→ TASK GOAL
Once you reach the line with "슈팅 숫자와 유효슈팅에서 보듯이 골 결정력에 아쉬움이 남아 있습니다." below, copy each line exactly, stopping after the line with "The administrator to", and skip any pictures.

START RECORDS SUPPLIED

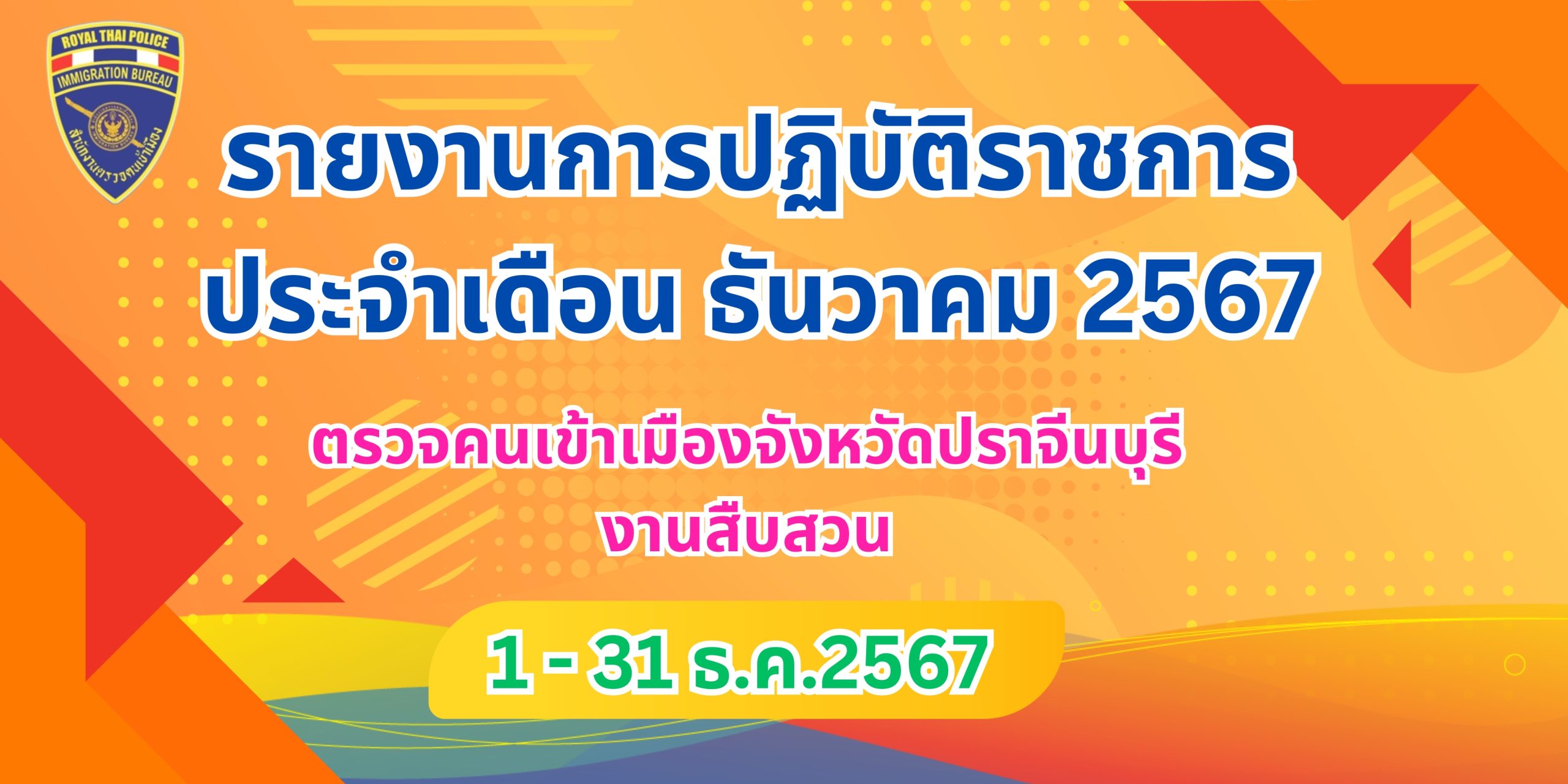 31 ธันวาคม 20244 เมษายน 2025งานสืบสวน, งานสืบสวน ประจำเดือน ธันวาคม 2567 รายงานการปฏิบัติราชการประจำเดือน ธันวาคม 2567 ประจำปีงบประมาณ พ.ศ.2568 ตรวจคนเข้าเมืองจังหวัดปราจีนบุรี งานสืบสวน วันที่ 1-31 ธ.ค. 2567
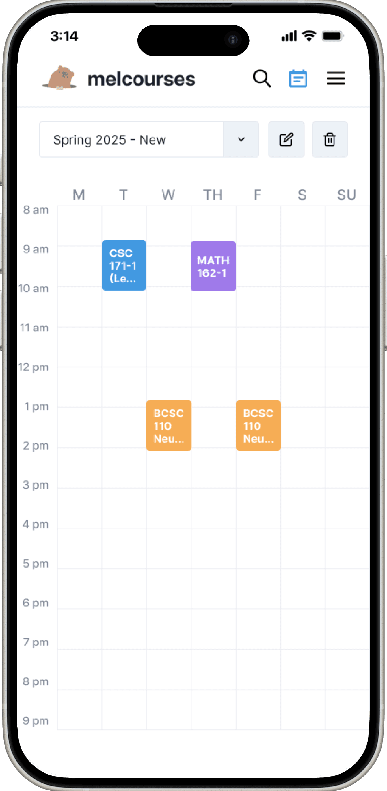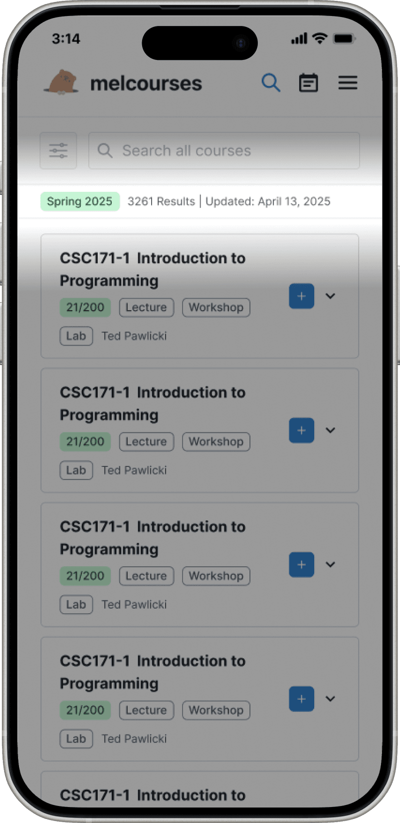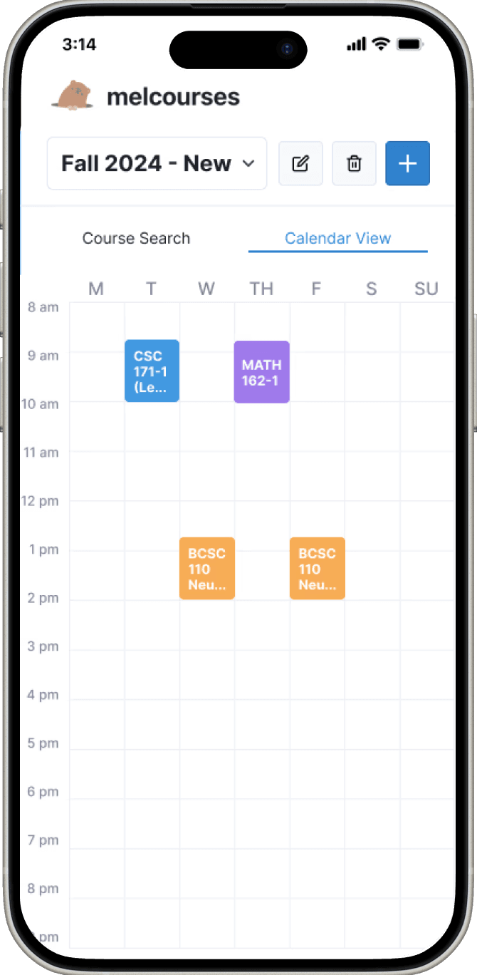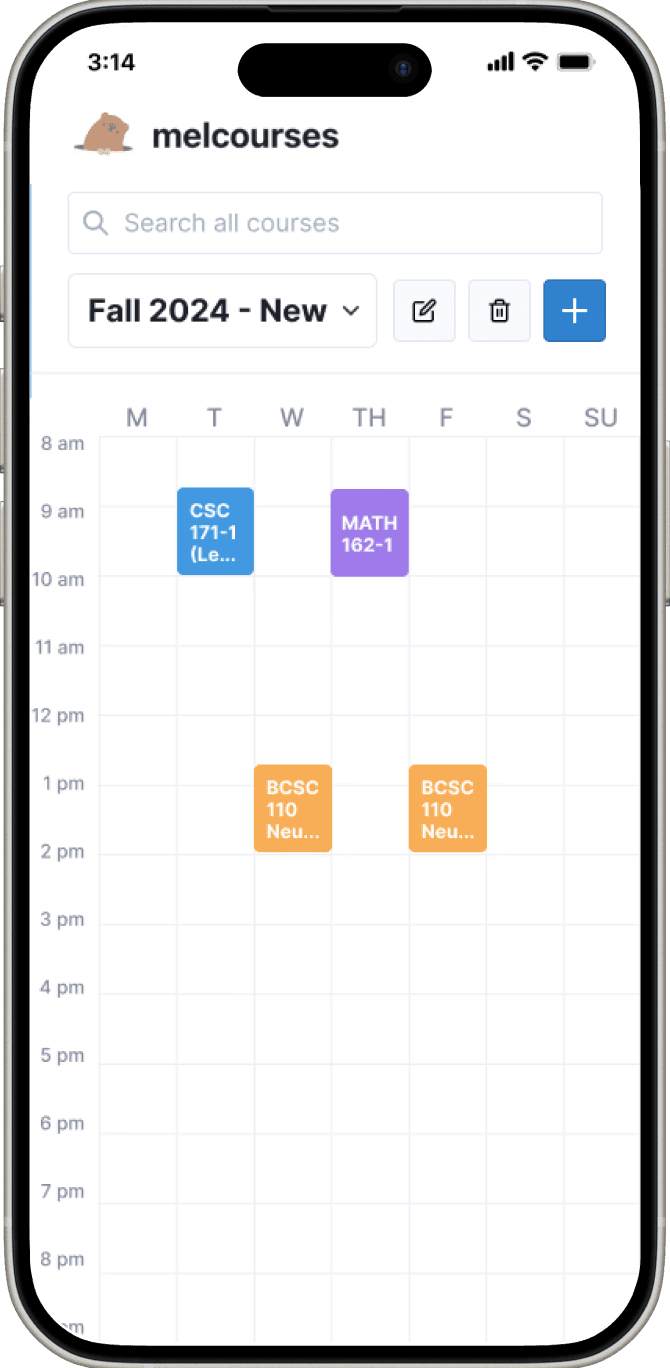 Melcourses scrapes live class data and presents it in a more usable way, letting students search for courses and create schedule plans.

END RECORDS SUPPLIED
START RECORDS SUPPLIED

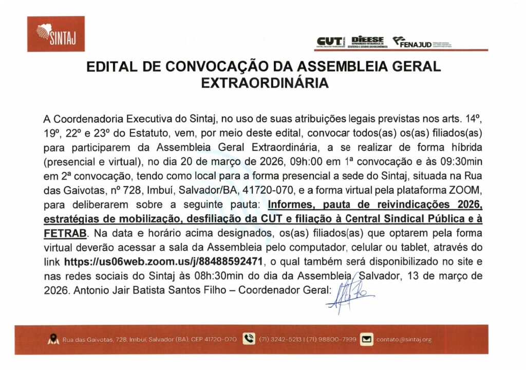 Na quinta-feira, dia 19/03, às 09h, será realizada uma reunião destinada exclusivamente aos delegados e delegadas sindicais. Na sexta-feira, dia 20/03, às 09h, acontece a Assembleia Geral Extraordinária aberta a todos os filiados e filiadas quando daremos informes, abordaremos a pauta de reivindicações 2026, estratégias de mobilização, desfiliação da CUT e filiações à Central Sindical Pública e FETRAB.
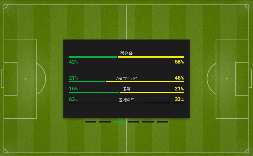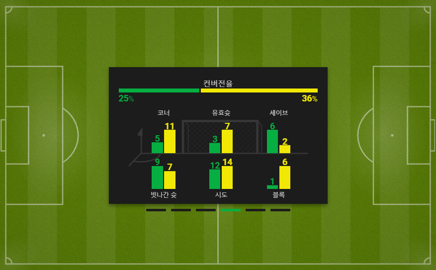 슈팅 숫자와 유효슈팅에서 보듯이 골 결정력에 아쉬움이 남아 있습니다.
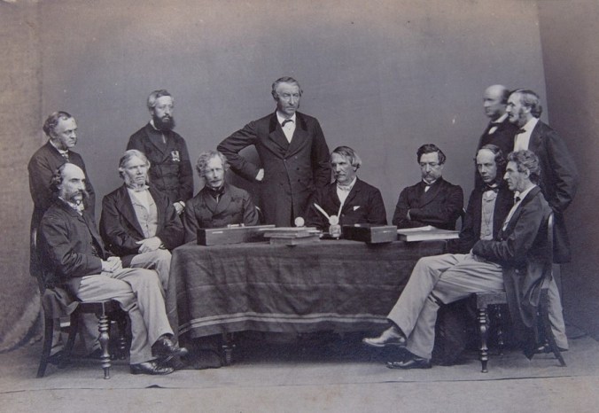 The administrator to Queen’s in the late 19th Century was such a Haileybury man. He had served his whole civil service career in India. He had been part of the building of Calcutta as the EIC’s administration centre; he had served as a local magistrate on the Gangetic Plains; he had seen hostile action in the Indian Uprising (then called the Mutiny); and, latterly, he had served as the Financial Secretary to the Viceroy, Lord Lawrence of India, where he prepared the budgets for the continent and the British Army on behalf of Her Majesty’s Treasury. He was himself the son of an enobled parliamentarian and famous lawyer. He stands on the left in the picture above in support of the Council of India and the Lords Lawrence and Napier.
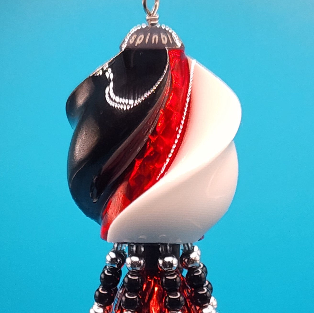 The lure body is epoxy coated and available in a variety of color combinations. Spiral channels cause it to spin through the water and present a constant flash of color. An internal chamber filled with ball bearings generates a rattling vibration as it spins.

END RECORDS SUPPLIED

→ RESPONSE BELOW
 슈팅 숫자와 유효슈팅에서 보듯이 골 결정력에 아쉬움이 남아 있습니다.
 The administrator to Queen’s in the late 19th Century was such a Haileybury man. He had served his whole civil service career in India. He had been part of the building of Calcutta as the EIC’s administration centre; he had served as a local magistrate on the Gangetic Plains; he had seen hostile action in the Indian Uprising (then called the Mutiny); and, latterly, he had served as the Financial Secretary to the Viceroy, Lord Lawrence of India, where he prepared the budgets for the continent and the British Army on behalf of Her Majesty’s Treasury. He was himself the son of an enobled parliamentarian and famous lawyer. He stands on the left in the picture above in support of the Council of India and the Lords Lawrence and Napier.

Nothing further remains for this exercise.